# Nearest Earth Object Classification

### By Michael D'Arcy-Evans and Isabel Tilles

## Introduction:
The solar system is a dangerous place. One fear that scientists have is that we will be harmed an objects as it hurtles towards us from space. We spot objects like these coming towards Earth all the time, but how do we know if they are going to devastate us or simply provide a good comet show? We are seeking to solve that issue by creating a reliable classifier to determine whether or not a Near Earth Object (NEO) is hazardous.  
We got our data from the [Nearest Earth Objects Dataset (1910-2024)](\"https://www.kaggle.com/datasets/ivansher/nasa-nearest-earth-objects-1910-2024\"). Based on these instances, we hope to predict whether or not other unseen instances of NEOs will be classified as `is_hazardous`.  
#TODO: What classifier performed the best?

## Imports for Analysis

In [34]:
# some useful mysklearn package import statements and reloads
import importlib

import mysklearn.myutils
importlib.reload(mysklearn.myutils)
import mysklearn.myutils as myutils

import mysklearn.mypytable
importlib.reload(mysklearn.mypytable)
from mysklearn.mypytable import MyPyTable 

import mysklearn.myclassifiers
importlib.reload(mysklearn.myclassifiers)
from mysklearn.myclassifiers import MyKNeighborsClassifier, MyDummyClassifier, MyNaiveBayesClassifier, MyDecisionTreeClassifier, MyRandomForestClassifier

import mysklearn.myevaluation
importlib.reload(mysklearn.myevaluation)
import mysklearn.myevaluation as myevaluation


## Data Analysis



In [35]:
labels = ["True","False"]
space_table = MyPyTable().load_from_file('input_data/space.csv')

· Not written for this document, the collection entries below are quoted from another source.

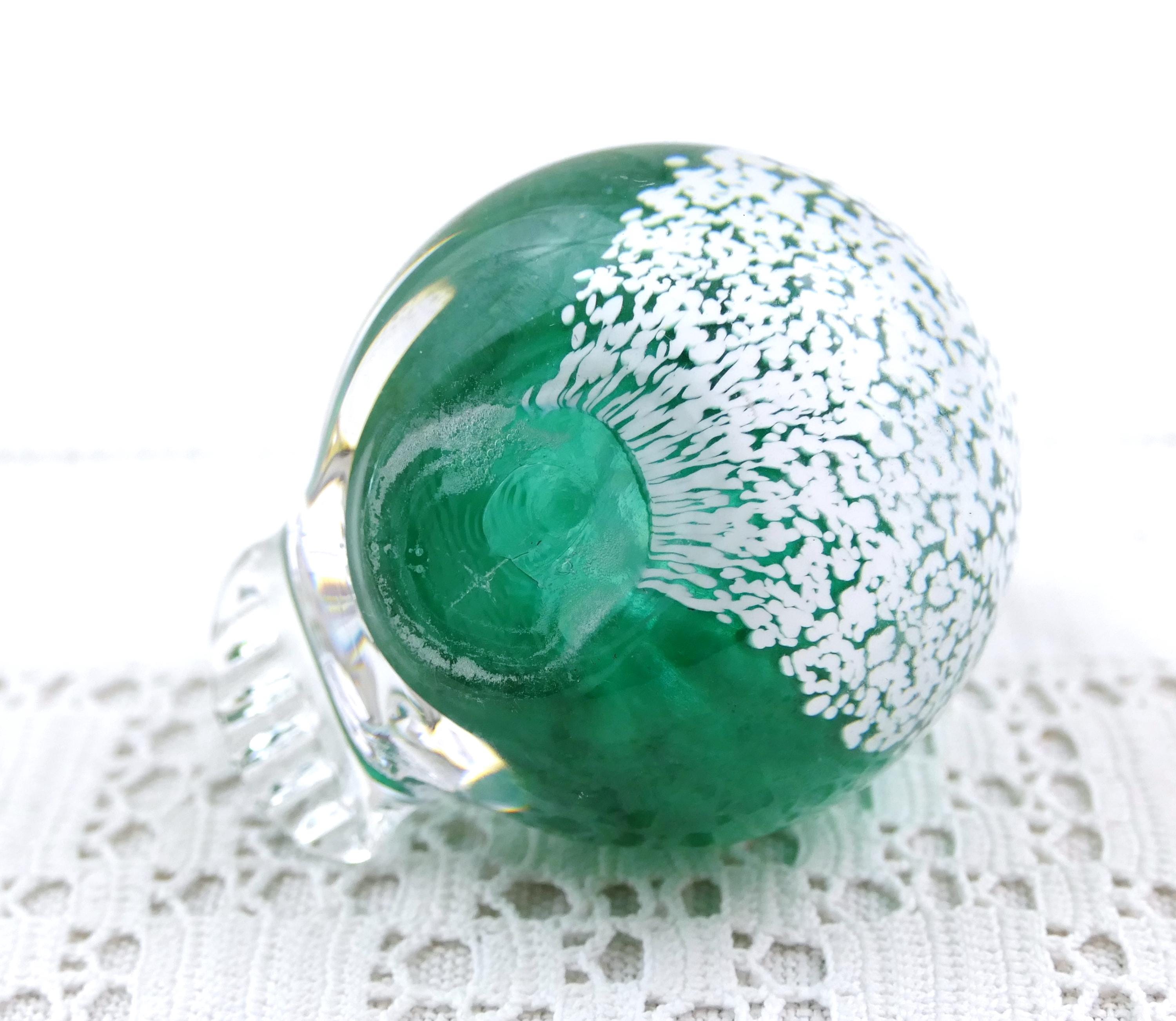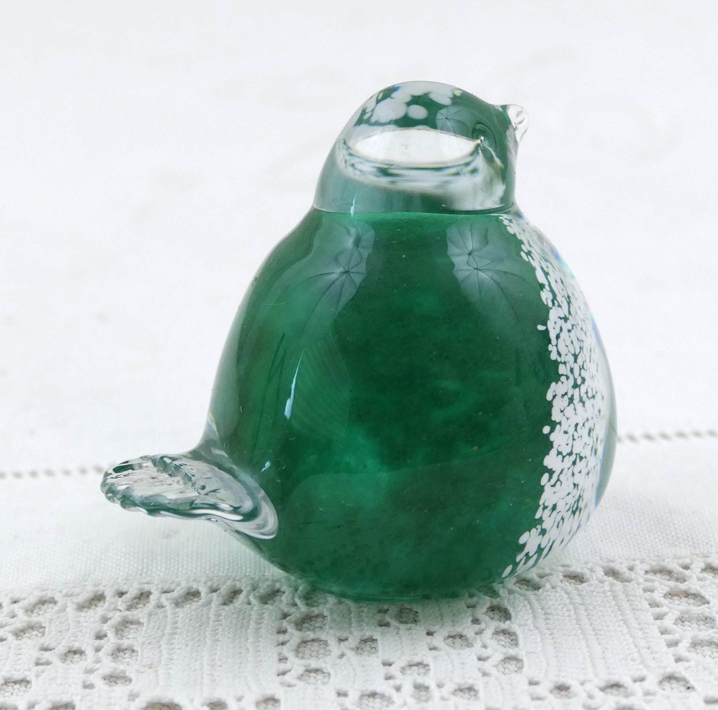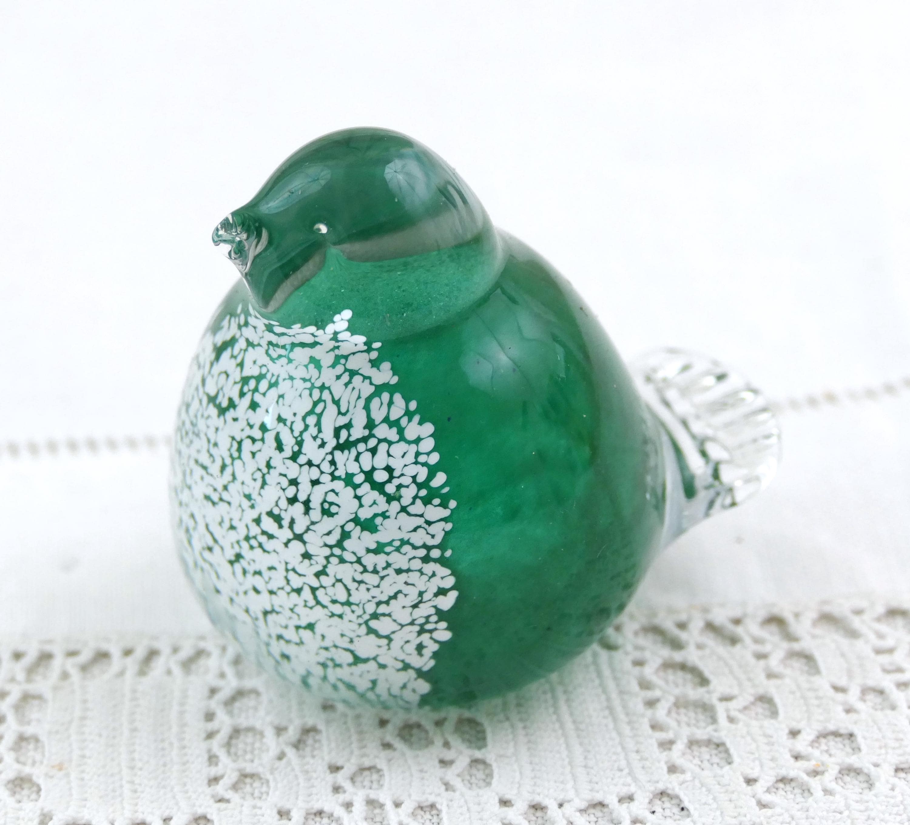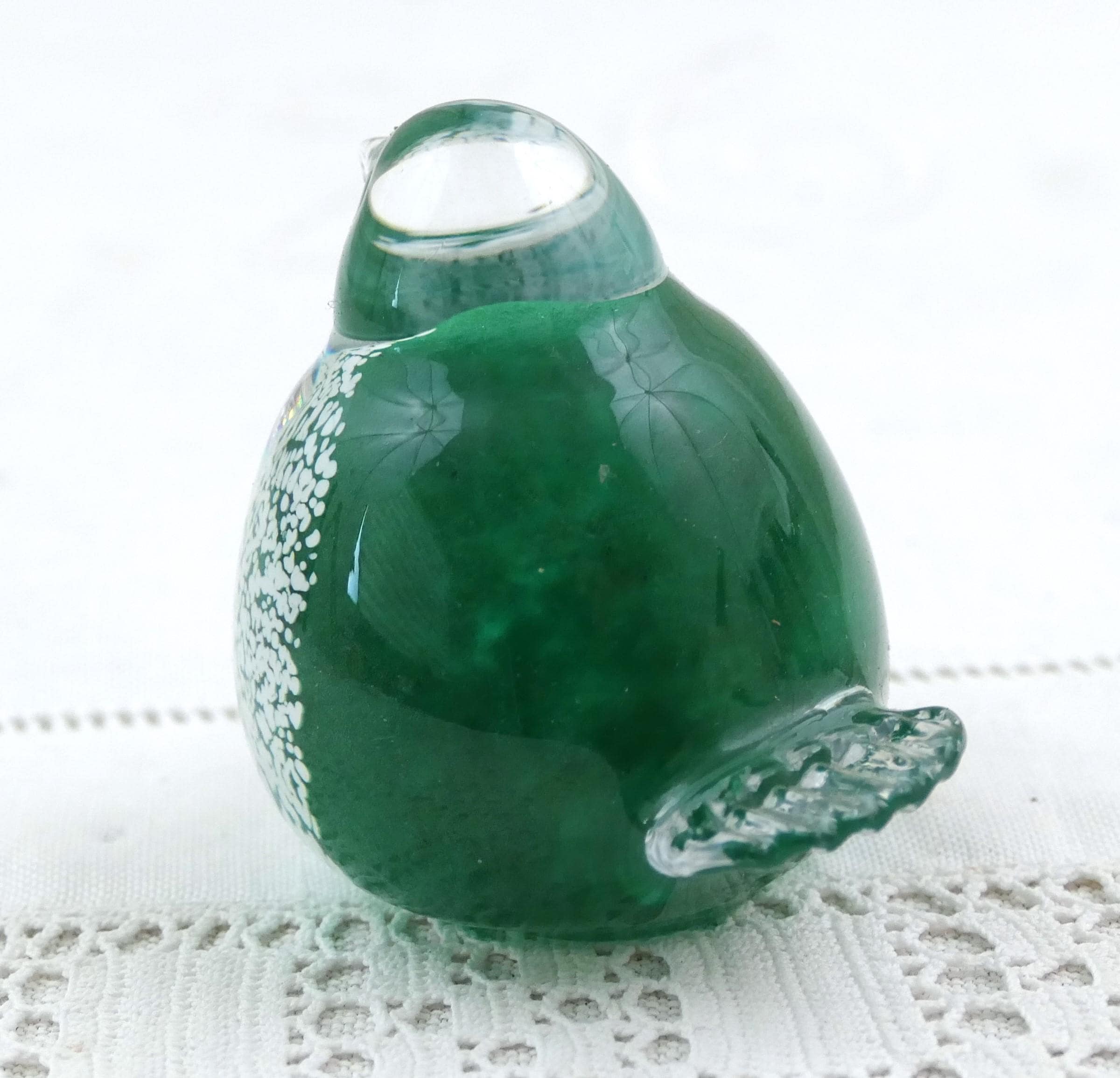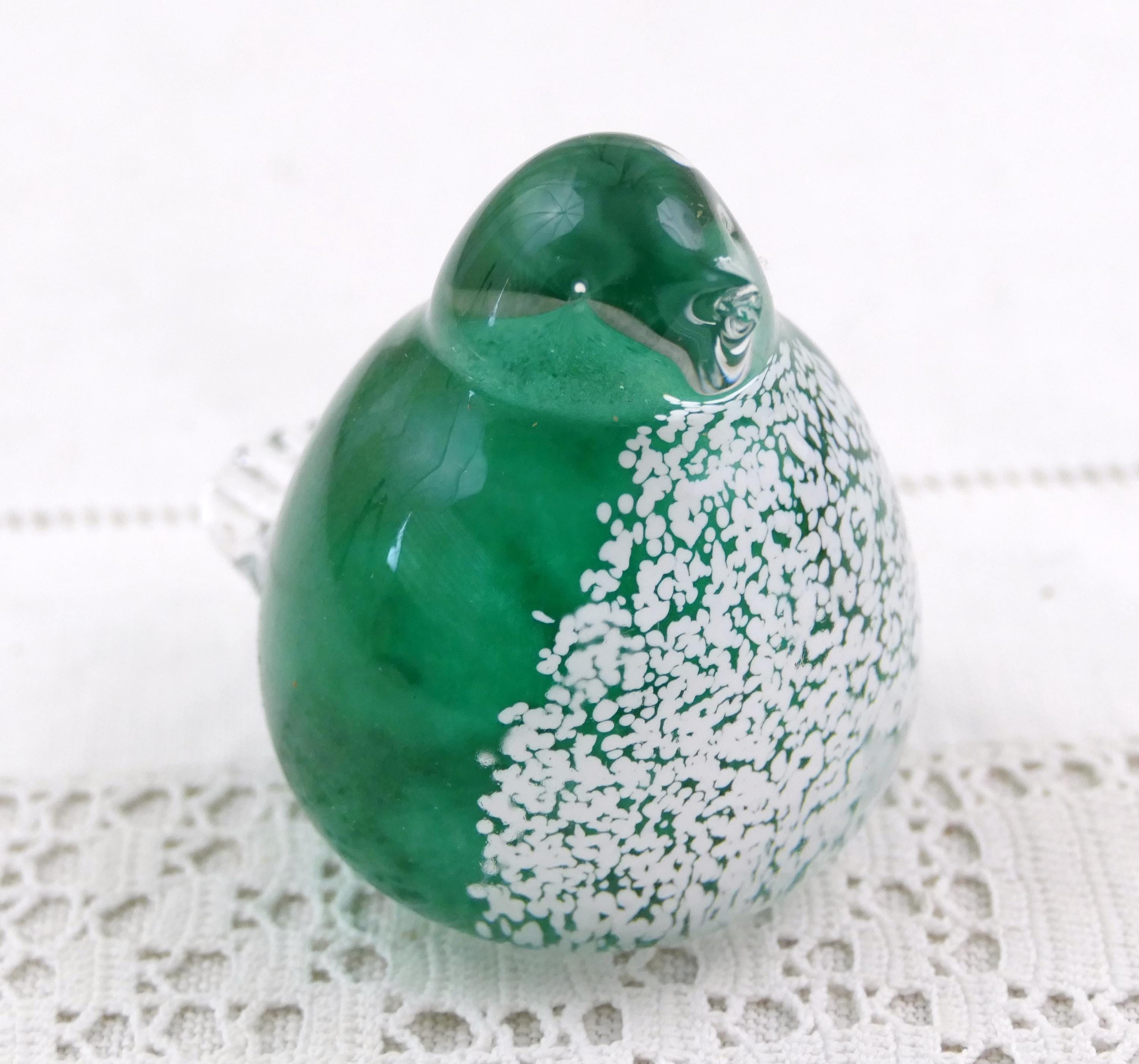 Vintage handmade green and white bird figurine. Made of green glass in the Murano style. Ca late 1900s.
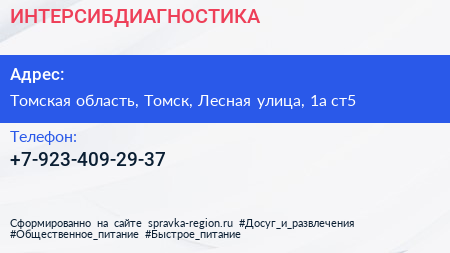 ИНТЕРСИБДИАГНОСТИКА по адресу Томская область, Томск, Лесная улица, 1а ст5 в дальнейшем Организация, размещена в следующих категориях:
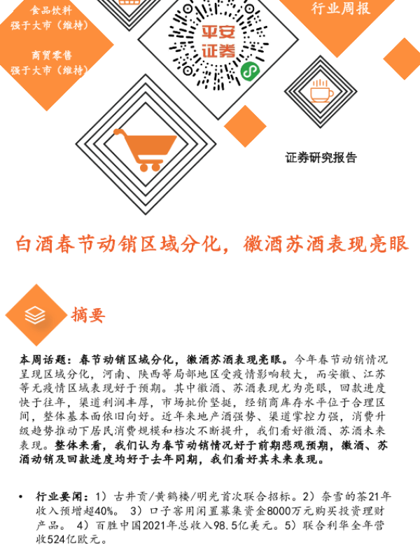 【平安证券】【20220211】大消费行业周报:白酒春节动销区域分化,徽酒苏酒表现亮眼-6页 行业研究

space_table.remove_rows_with_missing_values()

space_dict = myutils.count_label_occurrences(space_table.get_column("is_hazardous"))
for value in sorted(space_dict.keys()):
    print(value,space_dict[value])
    pass

discretized_label_dict = myutils.preprocess_table(space_table)
print(discretized_label_dict)
y_true = space_table.get_column(space_table.column_names.index("is_hazardous"))  
X_train = [row[:space_table.column_names.index("is_hazardous")] + row[space_table.column_names.index("is_hazardous") + 1:] for row in space_table.data]

tree_classifier = MyDecisionTreeClassifier()
y_pred = myevaluation.cross_val_predict(tree_classifier,X_train,y_true,10)
print(myevaluation.pseudo_classification_report(y_true,y_pred,labels))
# print("Decision Tree Structure:", tree_classifier.tree)
 
header = space_table.column_names
tree_classifier.print_decision_rules(attribute_names=header)
tree_classifier.visualize_tree(
    "space_tree.dot", "space_tree", attribute_names=header
)


False 295009
True 43162
{'min_labels': ['0.0 to 0.1', '0.1 to 1.1'], 'max_labels': ['0.0 to 0.3', '0.3 to 2.5'], 'velocity_labels': ['0.0 to 53433.8', '53433.8 to 138171.4'], 'miss_labels': ['0.0 to 43869660.1', '43869660.1 to 74715777.4']}
Decision Tree Classifier: Accuracy = 0.74, Error Rate = 0.26, Precision = 0.7159, Recall = 0.8040, F1 Score = 0.7574
╒═════════════════╤════════╤═════════╕
│ Is Hazardous:   │   True │   False │
╞═════════════════╪════════╪═════════╡
│ True            │    804 │     196 │
├─────────────────┼────────┼─────────┤
│ False           │    319 │     681 │
╘═════════════════╧════════╧═════════╛
IF estimated_diameter_min == 0 AND relative_velocity == 0 AND miss_distance == 0 THEN class = False.
IF estimated_diameter_min == 0 AND relative_velocity == 0 AND miss_distance == 1 THEN class = False.
IF estimated_diameter_min == 0 AND relative_velocity == 1 AND miss_distance == 0 THEN class = True.
IF estimated_diameter_min == 0 AND relative_velocity == 1 AND miss_

In [36]:
myutils.print_dataset_info(space_table)

This dataset has 2000 instances and 5 attributes
Dataset attribute breakdown:  estimated_diameter_min is of type <class 'int'> and estimated_diameter_max is of type <class 'int'> and relative_velocity is of type <class 'int'> and miss_distance is of type <class 'int'> and is_hazardous is of type <class 'str'> .
The attribute we are trying to predict is is_hazardous. It can be {'False', 'True'}.


To evaluate our Decision Trees' quality, we chose to focus on getting the highest Recall(?) because it is important to be able to predict a dangerous NEO as often as possible and a false negative would be devastating, while the consequences of a false alarm are not as tragic.